Today I decided to challenge this perception. I think there is lots of evidence that I (you too) have fought many lifelong battles and they didn’t tire me down.

— resist the brainwash, cosmic-ray of self-pity in the context of peer-benchmark
wrong priorities
OC-effective
— eg@Promethean: yoga
On the other hand, my forward-bend daily practice in Sec 1 was clearly unsustainable, torturous
— eg@Promethean: chin-up .. see separate blogpost
— eg: coding drill .. a harder struggle for my peers than for me
— eg: English listening, speaking, writing … felt like a lifelong battle until middle of my NUS years
review English vocab .. not a battle for me, but for other peple such as millions of English learners
==== less specific, milder (but lifelong) struggles
— eg: take the stairs once a while when everyone is taking the elevator/escalator
— eg@Promethean: brushing/flossing teeth, esp. with fixed retainer
— eg: math .. a struggle for my kids, and most students until they can opt out like in high school

say-no-to 1 cake at a time: 千里之行始于足下

k_daily_battle

Many dieters feel hopeless about cutting down one cake slice … because the next meal would see a wipe-out of this “improvement”.  Promethean[def] struggle.
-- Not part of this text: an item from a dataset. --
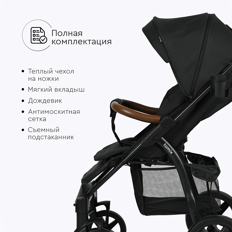 Прогулочная коляска Tomix STELLA 2022 (Томикс Стелла) - всесезонный надежный транспорт для прогулок с ребенком в любое время года. Коляска прекрасно справится с неровностями дороги, снегом, бездорожьем или песком. Колеса увеличенного диаметра и встроенная амортизация подарят вам отличное управление и мягкий ход. Большое спальное место с полностью горизонтальной спинкой позволит ребенку комфортно спать на улице и подойдет даже для ребенка младше 6 месяцев. Глубокий капюшон до бампера и утепленная накидка на ножки надежно защитит ребенка от ветра, снега и осадков. Для удобство мамы предусмотрен удобный кармашек и смотровое окошко.

If you believe the temptation is always bigger than your resolve, then you would feel hopeless fighting it.

In reality, every successful dieter started by saying no to one cake.

We slowly change our diet habits and combat the temptation. The temptation is not always bigger than us. We are not doomed.